I mentioned in an intervention on the Lord Chancellor that I was actually the first Member of Parliament to go on the Industry and Parliament Trust fellowship in law. It was a particularly enlightening experience. I cannot remember the number of days that I was allocated, but I doubled the number of days I spent on it, because I spent most of the time sitting alongside judges, on the bench, listening to what they did. The number of different courts I saw was tremendous—I remember starting in the commercial courts, which I will come back to in a little while. They represented such a technological advance on all the other courts I sat in on, and that was a really good thing to see.

To go back to a point I made to my hon. Friend the Member for Bromley and Chislehurst, the first thing that came out of that experience of sitting alongside judges was an absolute admiration for their integrity and for what they did and how they did it. The second thing was an understanding of how overworked they are. As non-lawyers, we perhaps tend to think of judges just turning up, sitting and listening to the case, and giving judgment, but the amount of preparation that goes into hearings is phenomenal. That was a good thing to see and experience, and it applied whether it was the bankruptcy court or the Court of Appeal, in which I sat on two occasions.

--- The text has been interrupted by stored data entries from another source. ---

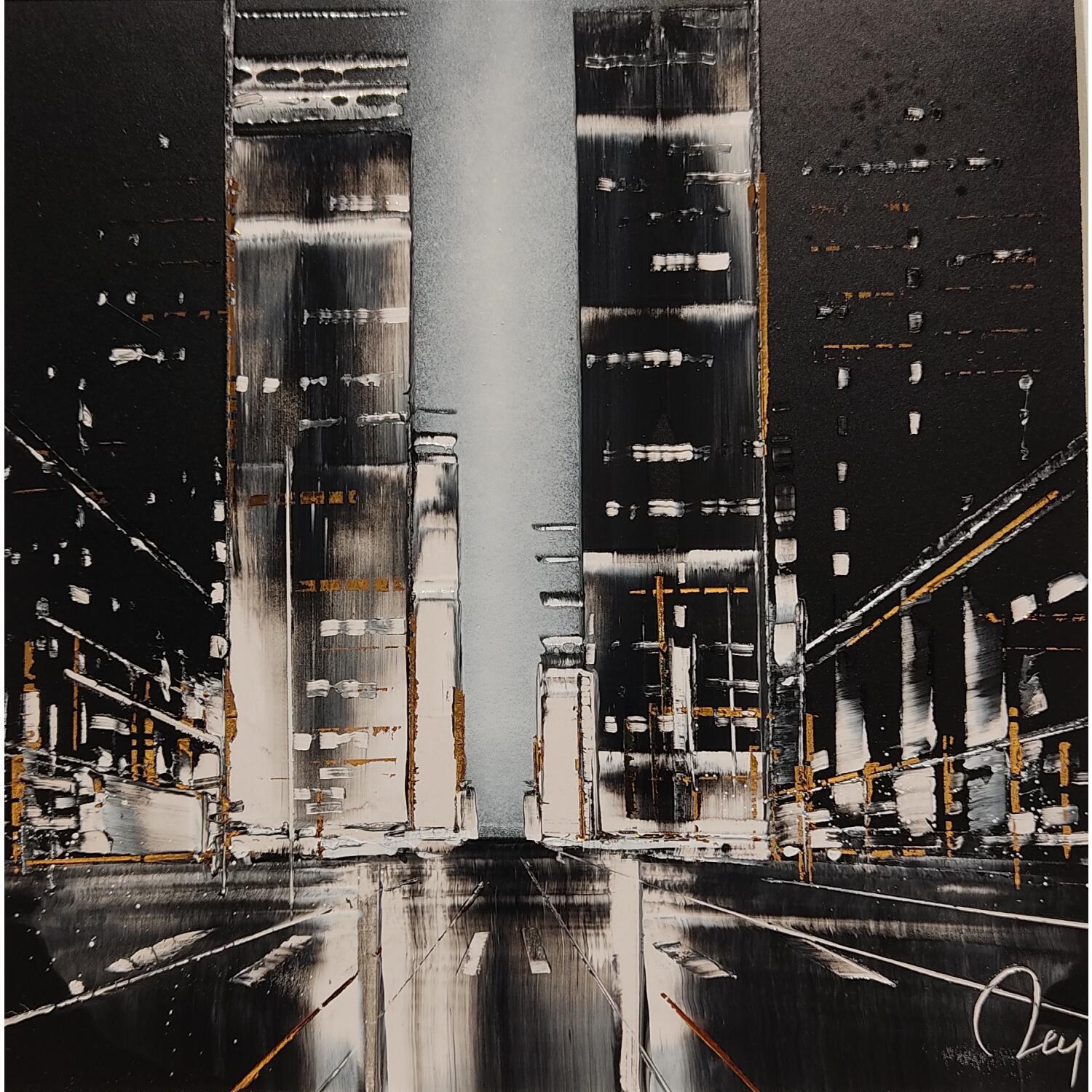 Although he has achromatopsia (absence of color vision), Julien Rey takes us on a journey through his paintings to urban landscapes. Julien Rey's story begins like all great stories: with an impossible dream. With achromatopsia, the artist sees only in black and white. Yet, this condition did not prevent him from traveling to the borders of Burma, from changing his life (he became a Buddhist monk there) or from embarking on art. From his trip to Burma, he brought back a perfect mastery of gold leaf, a characteristic element of his work. His technique based on lacquer worked with a knife and gold leaf inlays places light at the center of his works. Marked by Zen philosophy, he creates minimal compositions that appear as suspended moments, poetic pauses.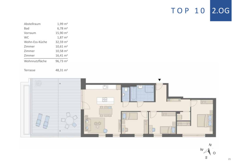 Willkommen in Ihrem neuen Zuhause! Diese perfekt geschnittene 4-Zimmer-Penthouse-Wohnung im 2. OG vereint modernes Design mit höchstem Wohnkomfort. Auf 96,73 m² Wohnfläche erwartet Sie ein lichtdurchflutetes Ambiente, das durch einen große Terrasse (48,31 m²) erweitert wird. Hier genießen Sie sonnige Stunden im Freien und ein behagliches Wohnklima durch Raumhöhen von bis zu 2,65 Metern.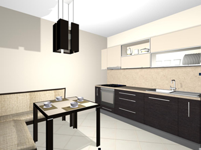 Бежево-коричневая кухня имеет стандартную линейную конструкцию. Просторные шкафы и вместительные выдвижные ящики комплектуются стильной и надежной фурнитурой, выполненной из металла. Фасады декорированы стеклянными вставками. Любая комплектация. Широкий выбор материалов.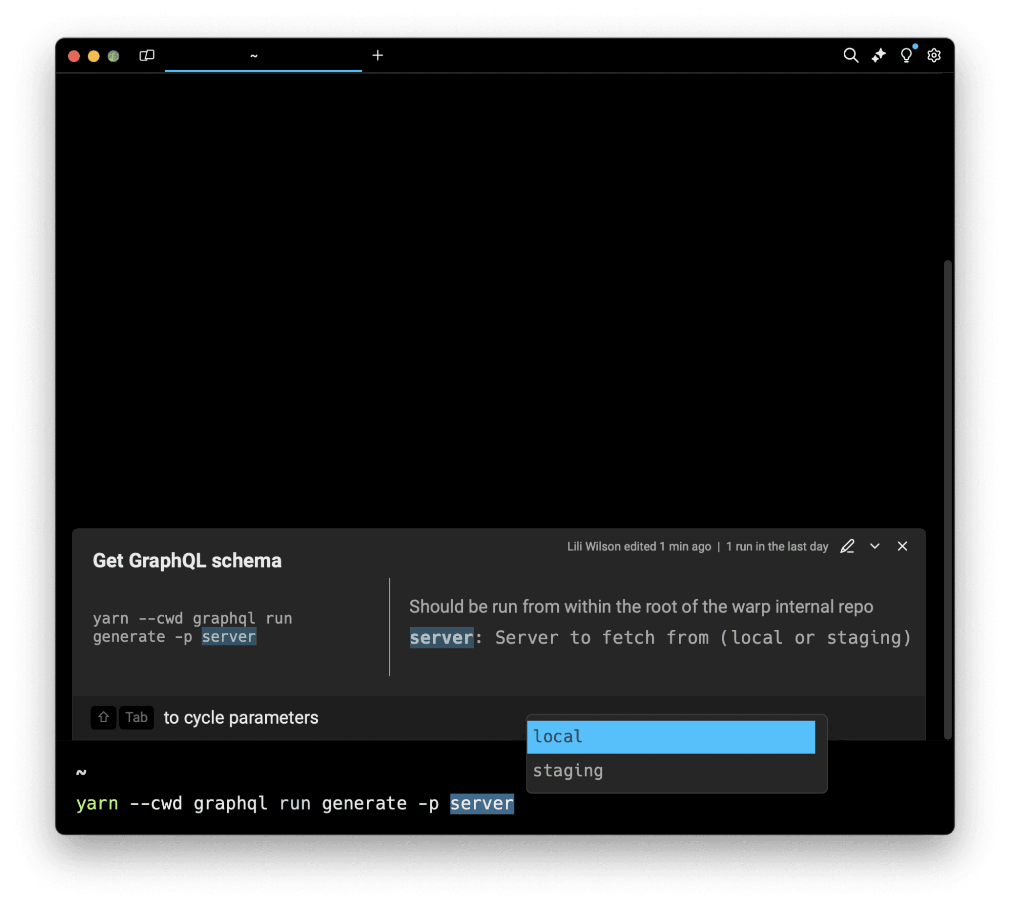 It’s been awesome to bring enum arguments to life over the course of my internship, and I’m super excited to be shipping it. As someone who had to go through the onboarding process onto the Warp team this summer, this is a feature I found myself wanting a lot when encountering new team workflows.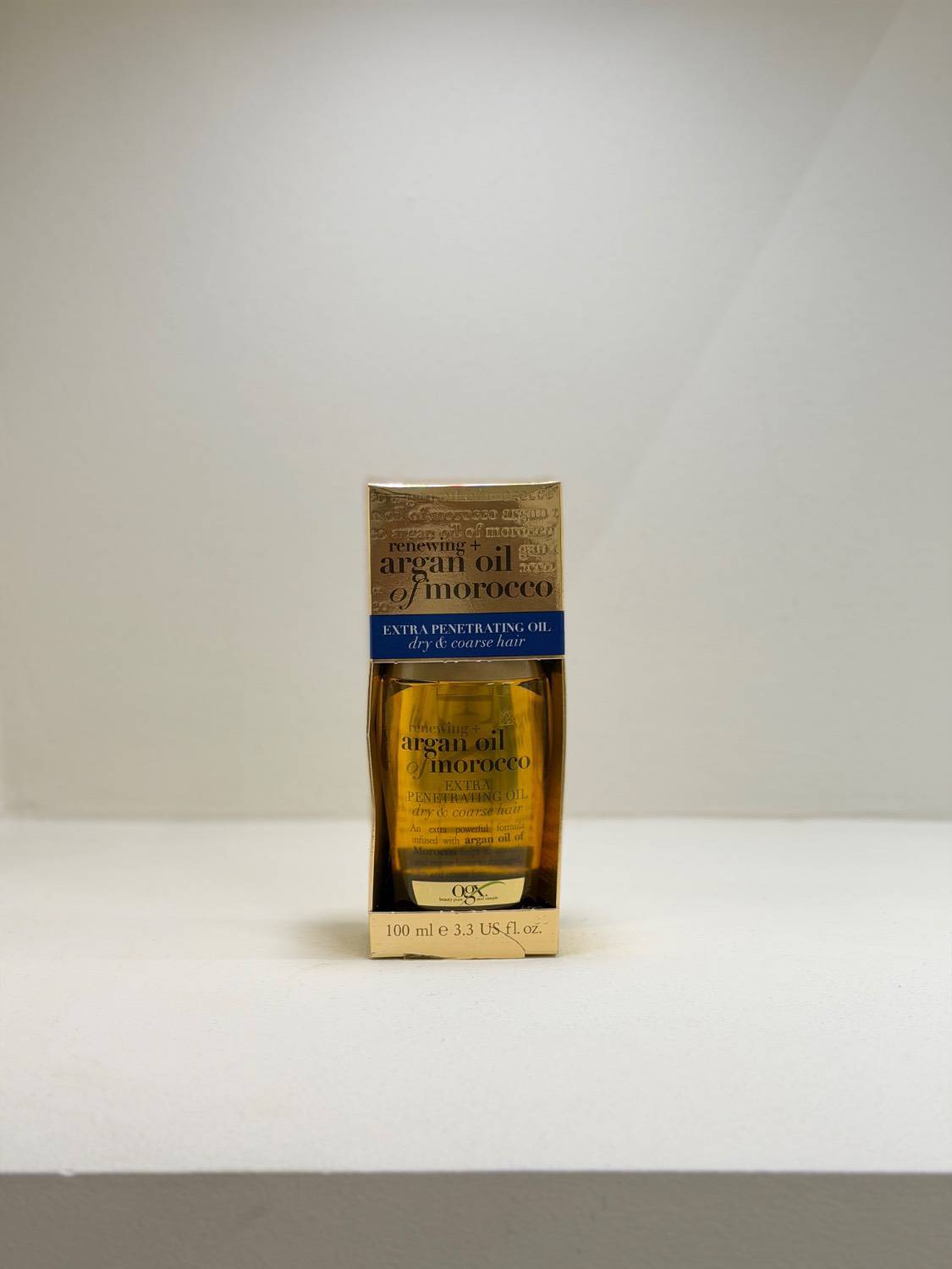 روغن آرگان مراکشی او جی ایکس OGX مدل Extra Penetrating، نسخهای غنیتر و غلیظتر از روغن آرگان معمولی است که به طور اختصاصی برای نفوذ به تارهای موی ضخیم و زبر فرموله شده.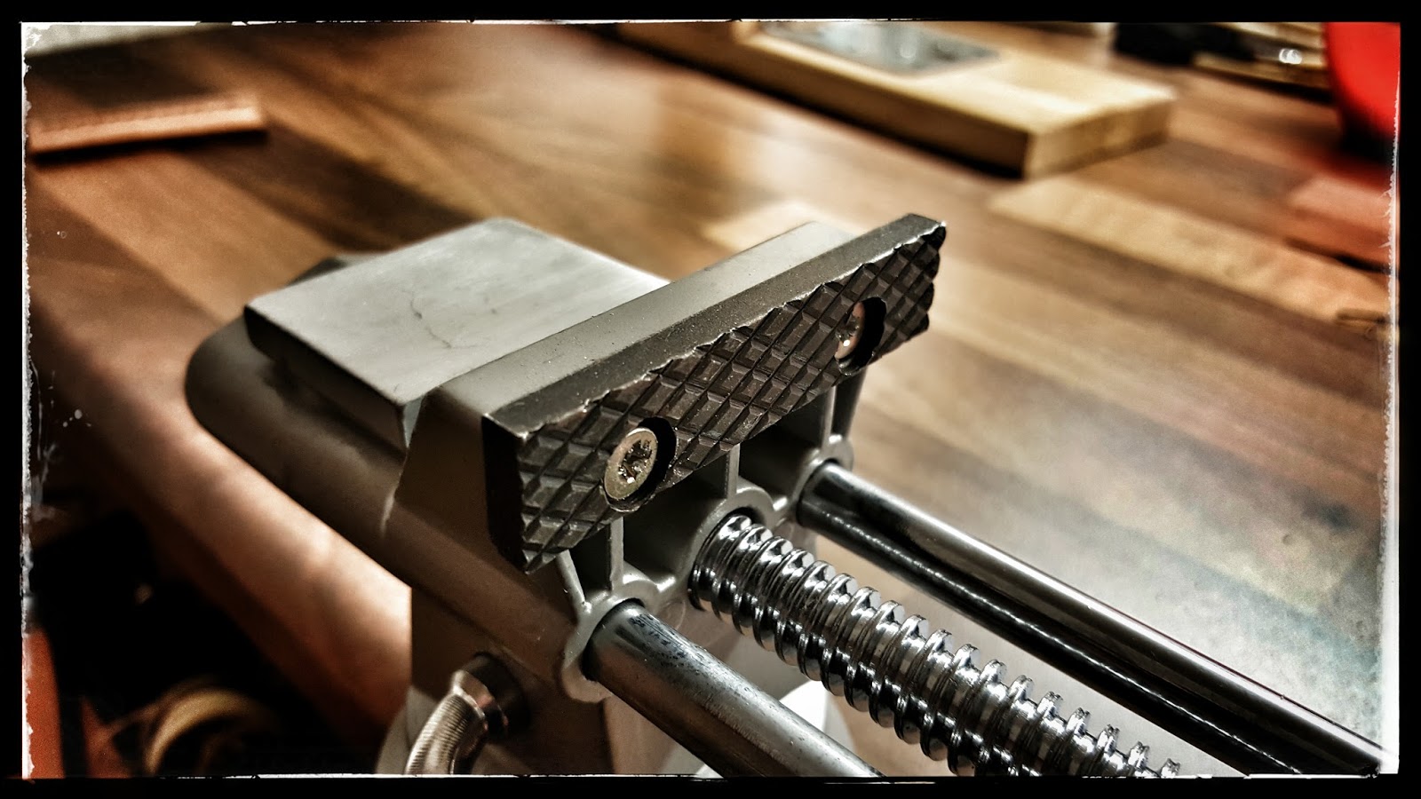 Die neuen hölzernen Spannbacken wieder an den Schraubstock geschraubt.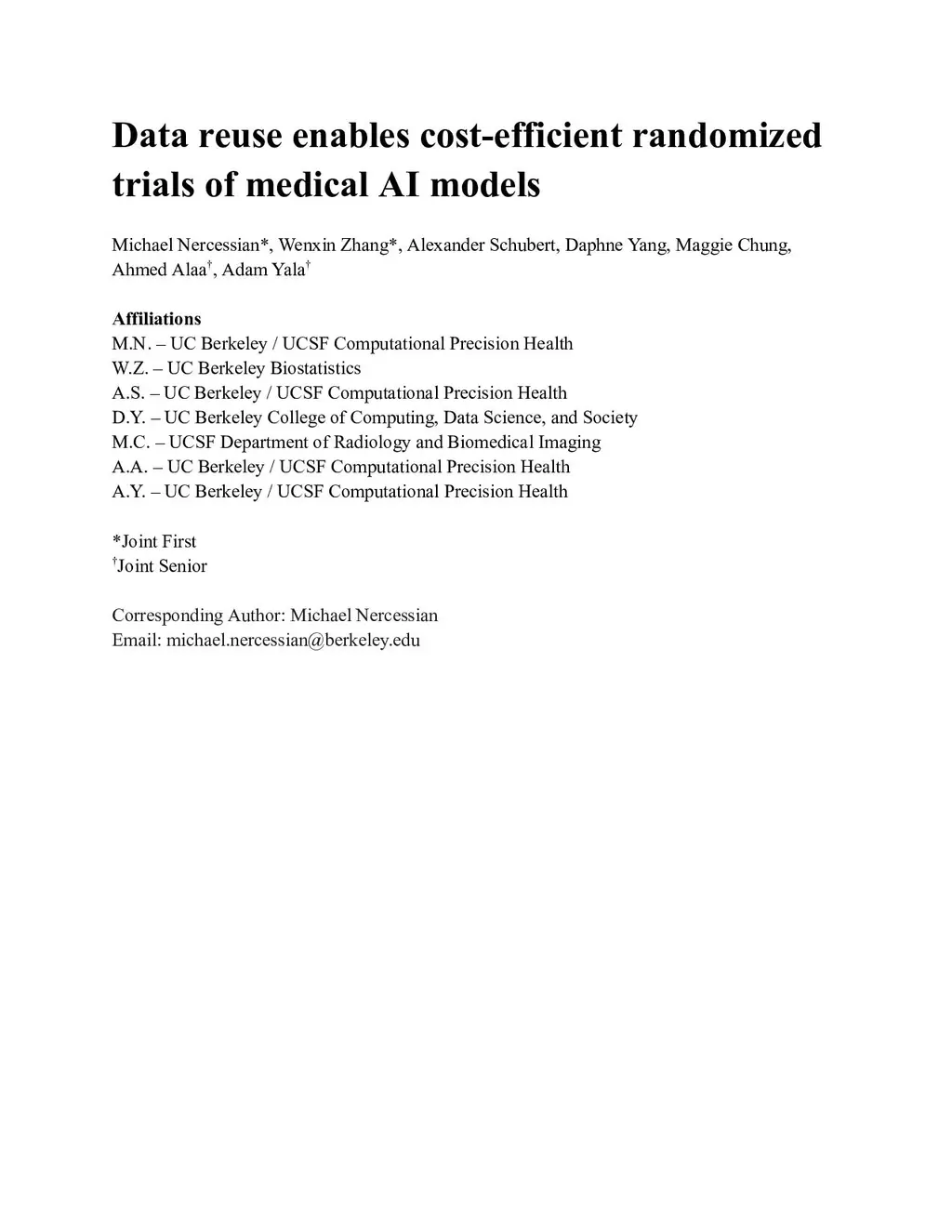 Data reuse enables cost-efficient randomized trials of medical AI models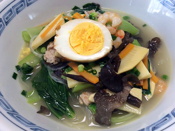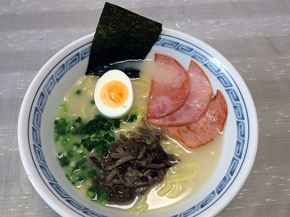 具は焼き豚と玉子のみときわめてシンプル.万能ネギをトッピングしてみた.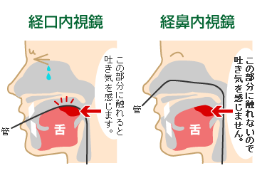 経鼻内視鏡は鼻からの胃カメラです。従来の口からの内視鏡検査(経口内視鏡検査)にくらべて、下記のようなメリットがあります。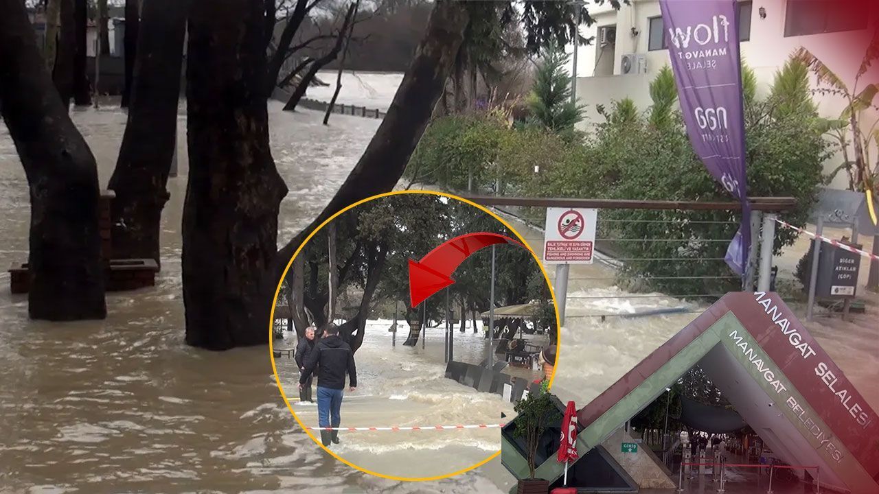 Antalya’da dün geceden bu yana aralıksız süren sağanak, Manavgat’ta ciddi etkilere yol açtı. Yağışların ardından Manavgat Irmağı’nın debisi kısa sürede yükseldi. Artan su kütlesi, taşkına neden oldu.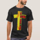 I give wanted to give this a 4 instead of a 5 because these Basic DARK T0shirts run unexpectedly SLIM or Narrow. Which is great if you do not have a potbelly, but I have a paunch. It isn't the shirt's fault that I've got a beer belly. The design and shirt itself is a quality cotton shirt. The color is more of a deep purple, but still a very pretty color. The Basic DARK T-shirts run a bit SLIMMER than the Basic Ts. The neck is a fraction narrower (or seems to be narrower) also. I'm a paunchy middle-aged woman and my neck is 12 inches (31cm) thick and the neckline fell about the same as in the photo of the man, and I had the desire to tug it a bit. So if you're a thick necked man or like loose shirts, be aware these are slimmer shirts. Once I get rid of my lockdown paunch it'll look great. The shirt washed well in cold water with no apparent bleeding. We don't have a dryer, so it hung dry. Did not shrink. Love the colors and the design. The design looks smaller on my shirt than it does on the model on-line. But still, it looks good on the shirt. The printing looks as it does on the model, just the size seems fractionally smaller. Washed garment in cold water, hung dry and design appeared unaffected.
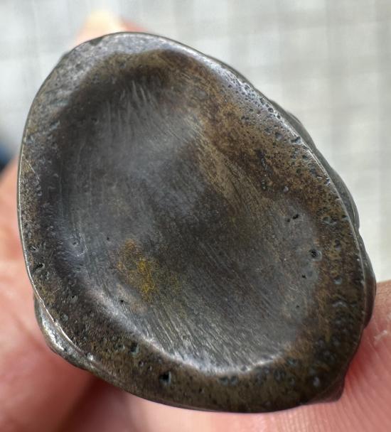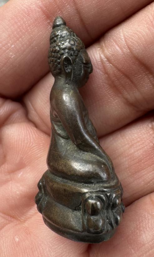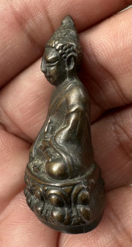พระกริ่งก้นถ้วย เนื้อออกสำริด เก่าไม่ทราบที่ เขย่าไม่มีเสียง

The point I made to my right hon. Friend the Lord Chancellor earlier was about the speed of justice. I am not a great advocate of speed in itself, but I think there is a threat to English law: not Brexit, but the ability of our courts to dispense justice on a timely basis. When I sat in with judges, I saw that they were often so preoccupied with the minor administrative elements of their role they did not have time to dispense justice in what I would consider a timely manner. That was the case whether I was sitting in a higher court or, in particular, in a tribunal—I will come on to tribunals in a moment. Efficiency in making judgments and delivering English justice is one of the hallmarks of the justice system and one that we lose at our peril. If that point alone is made, it is made well.

One issue I would like to raise, which may at first not seem immediately applicable to the Bill, is the age of judges. I believe it does apply to the Bill, because consideration is being given to other people taking on judicial functions. The point about age has also been raised in relation to the magistracy, and it also applies to lords justices and others. When the Lord Chief Justice appeared before the Justice Committee last week, we asked him about the age of justices and he explained that there were mechanisms by which they could be extended beyond the age of 70 in certain capacities. However, that is an artificial cut-off—if we were stopped from being MPs at 70, I think there would be shouts of horror. Some of us—I am nowhere near that age now—would consider that we were being cut off in the prime of our life. The same is the case with judges. They have acquired a tremendous amount of experience, principally as barristers. They have had a lot of judicial experience, and they are just coming to the point where they can use that experience in the best possible way. I therefore think it is necessary to look at extending the age at which judges retire to beyond 70. To be able to do that, we must look at the courts in a holistic way.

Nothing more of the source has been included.